━━━ Extracted data ━━━
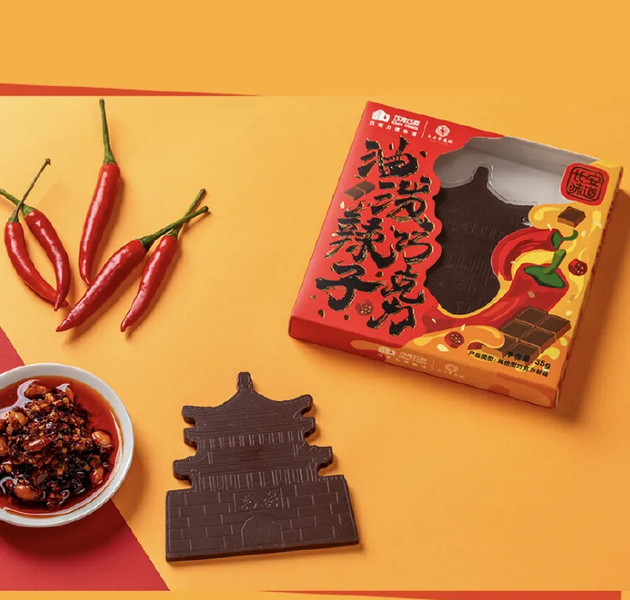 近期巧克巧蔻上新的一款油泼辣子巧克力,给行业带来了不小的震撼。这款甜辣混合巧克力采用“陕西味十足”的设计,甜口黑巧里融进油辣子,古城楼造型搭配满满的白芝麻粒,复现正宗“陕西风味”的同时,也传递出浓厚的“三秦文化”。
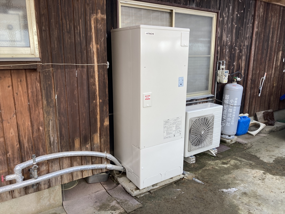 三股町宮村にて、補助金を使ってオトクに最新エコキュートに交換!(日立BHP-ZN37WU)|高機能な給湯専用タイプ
━━━
━━━ Extracted data ━━━
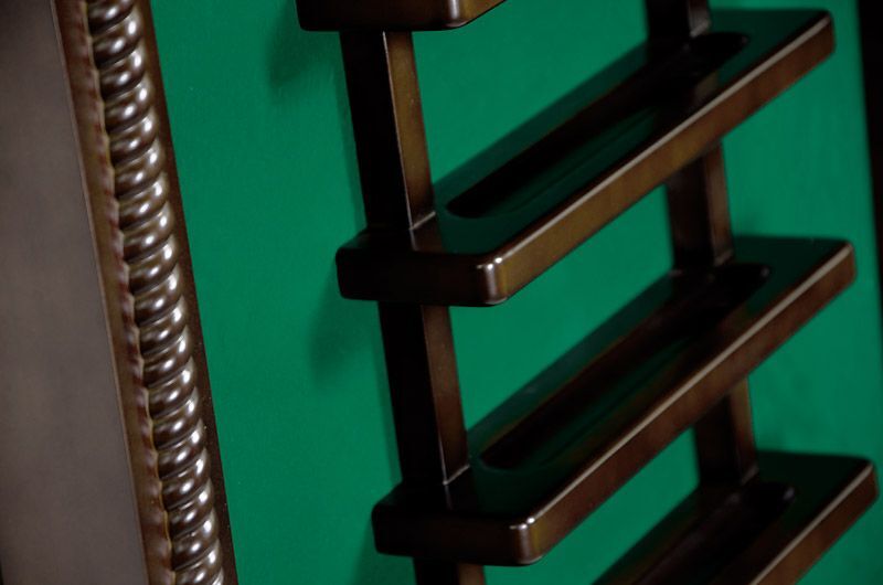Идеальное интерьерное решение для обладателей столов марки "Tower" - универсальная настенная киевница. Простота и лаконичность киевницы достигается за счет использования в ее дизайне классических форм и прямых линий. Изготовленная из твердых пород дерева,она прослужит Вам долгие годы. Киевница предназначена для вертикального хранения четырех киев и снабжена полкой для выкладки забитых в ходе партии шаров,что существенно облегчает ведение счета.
━━━
### Task
With the pictures omitted, copy exactly the lines of the listing above starting at the line containing "近期巧克巧蔻上新的一款油泼辣" and ending at the line containing "三股町宮村にて、補助金を使っ", both included.

### Your response
 近期巧克巧蔻上新的一款油泼辣子巧克力,给行业带来了不小的震撼。这款甜辣混合巧克力采用“陕西味十足”的设计,甜口黑巧里融进油辣子,古城楼造型搭配满满的白芝麻粒,复现正宗“陕西风味”的同时,也传递出浓厚的“三秦文化”。
 三股町宮村にて、補助金を使ってオトクに最新エコキュートに交換!(日立BHP-ZN37WU)|高機能な給湯専用タイプ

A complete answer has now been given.